# "We're sorry you didn't win this time around..."



## Dslot (Sep 2, 2007)

Dang! 

Didn't make it home in time to defend my bid on one of the most beautiful HO slotcars ever to burn plastic.

Far better looking than the Aurora version, better looking even than the 1:1 version.

Sigh.

-- D


----------



## Rolls (Jan 1, 2010)

Bummer. I think the closing bid was a pretty good deal, too. Aurora had so many great bodies in that era, but the Cheetah wasn't one of 'em. It certainly didn't do justice to the real car. The Tyco looks good, though.


----------



## Pomfish (Oct 25, 2003)

Why aren't you using Auction Sniper or something equal to it?

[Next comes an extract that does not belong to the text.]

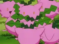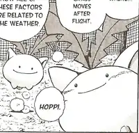 Later, Team Rocket attacked using a fan to try to blow them away, but they were quickly taken back by Ash and his friends including Mariah and Oddish, and send Team Rocket blasting off. That night, a tornado ripped through Mariah's house and sent the Hoppip and Oddish flying away. Oddish was able to retrieve two but the other were captured once again by Team Rocket. When the group found Team Rocket, Oddish stepped in and sent them blasting off, freeing the Hoppip. None of Hoppip's moves are known. | ||
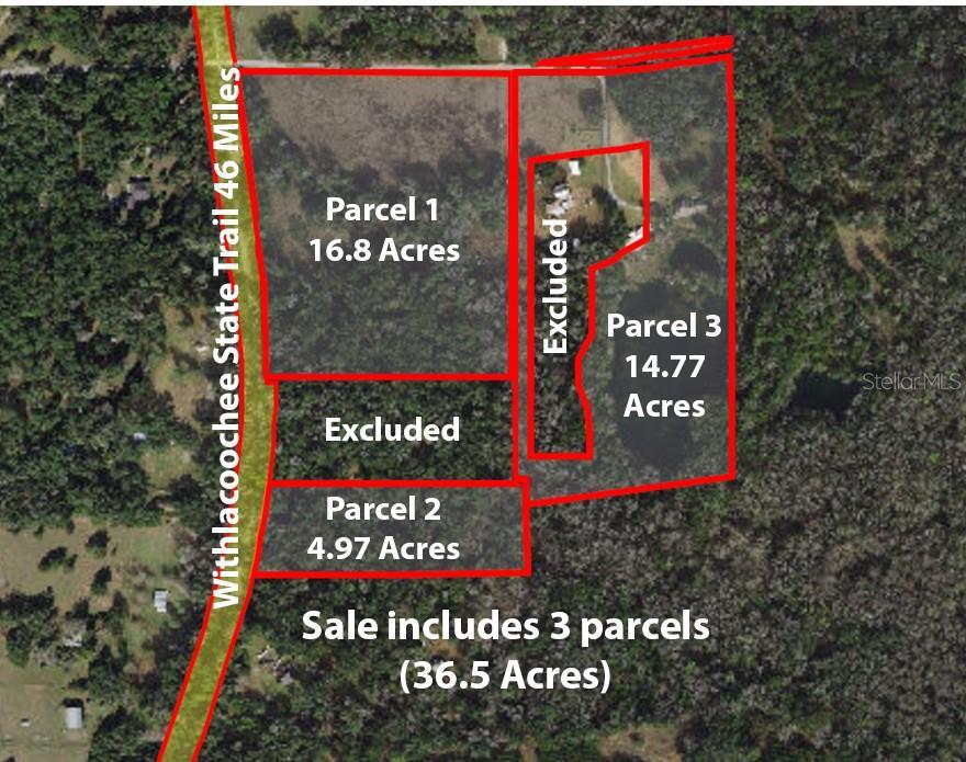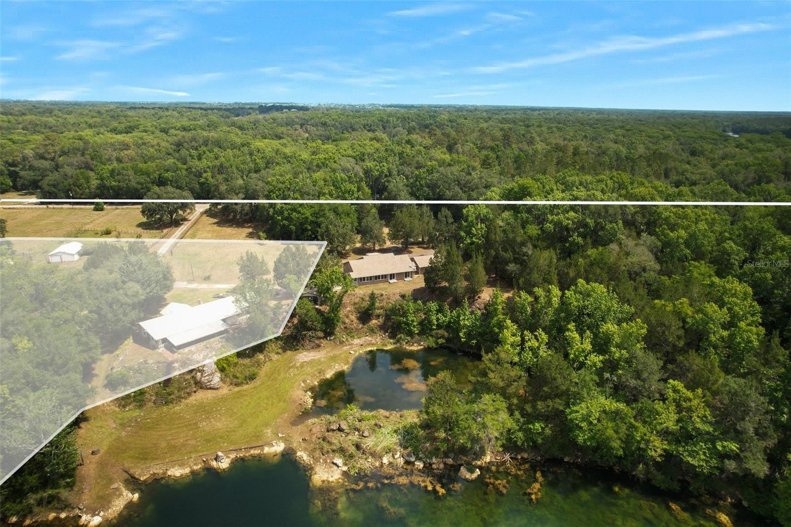 This is the ABSOLUTE MOST UNIQUE AND INCREDIBLE property you'll ever see!! Located on the north side of Historic Brooksville this 36.5 acre property has an old rock quarry on it (about the size of 5 acres) that filled with clear pristine water decades ago creating a crystal clear lake! It's continuously fed by the aquifer/spring with white rock cliffs and boulders!! Breathtaking! This is the kind of property they build golf courses on like at Brooksville County Club and Black Diamond Ranch Golf & Country Club! Imagine owning something privately just as beautiful and better with the spring-fed lake! The 36.5 acres is made up of 3 parcels which all ADJOIN one another for continuous land ownership and all have access to the lake!! This allows you to build more homes if you want to (for family or to rent)! NO HOA! Bring the RV, boats, campers, ATV's, horses, cows, pets...bring it all! Canoe, boat, kayak, fish, hunt, swim, jump from the rocks...endless outside activities for the whole family! Great property for entertaining your family and friends! Like to fish? Just look into the clear water and see the huge bass! Jump in for a refreshing swim! The property is located near where Hernando, Citrus, and Sumter Counties come together near the Withlacoochee River, and it is bordered by the Withlacoochee State Trail for recreation, walking, jogging, biking and enjoying the gorgeous views of nature. The Withlachoochee State Trail is a 46-mile paved trail that traverses rivers and forests, with small town charm and railroad history! This makes for a great way for you to stay in shape, stay healthy, and stay connected to nature! The gorgeous home is perched on the cliff overlooking the amazing quarry lake and offers large glass windows all along the back of the home to see the gorgeous lake views!! The home offers 3 bedrooms + 2 bathrooms + a 2 car detached garage connected by a breezeway!! The property is gorgeous with large beautiful trees and a peaceful serenity most long for! It's as beautiful as one can imagine! The beautiful home was built in 2014 and has 2,184 sq ft of living space and 3,192 sq ft total! Charming country-style front porch! The kitchen is upgraded with real wood cabinets and granite countertops! Wood floors throughout! OPEN FLOOR PLAN - see everything from the kitchen...the dining room, great room, office area (or sitting area), and the great views of the lake out of the large glass windows! The home has a split floorpan for privacy for the master suite! The lake is affectionately named Honeymoon Lake on the Map! THIS IS AN ABSOLUTE MUST SEE!!!!

It is so cheap and you only pay for the service IF you win.
Whoever got the high bid probably used it.
Thanks,
Keith


----------



## SplitPoster (May 16, 2006)

I should never look at pictures of old Tyco slots, especially the Cheetah..... makes me want one! That seems to be a pretty reasonable price, doesn't it?


----------



## bobwoodly (Aug 25, 2008)

I really like Tyco S cars and they are not usually that pricey for the more common ones - xke, stingray, mako shark, cheetah


----------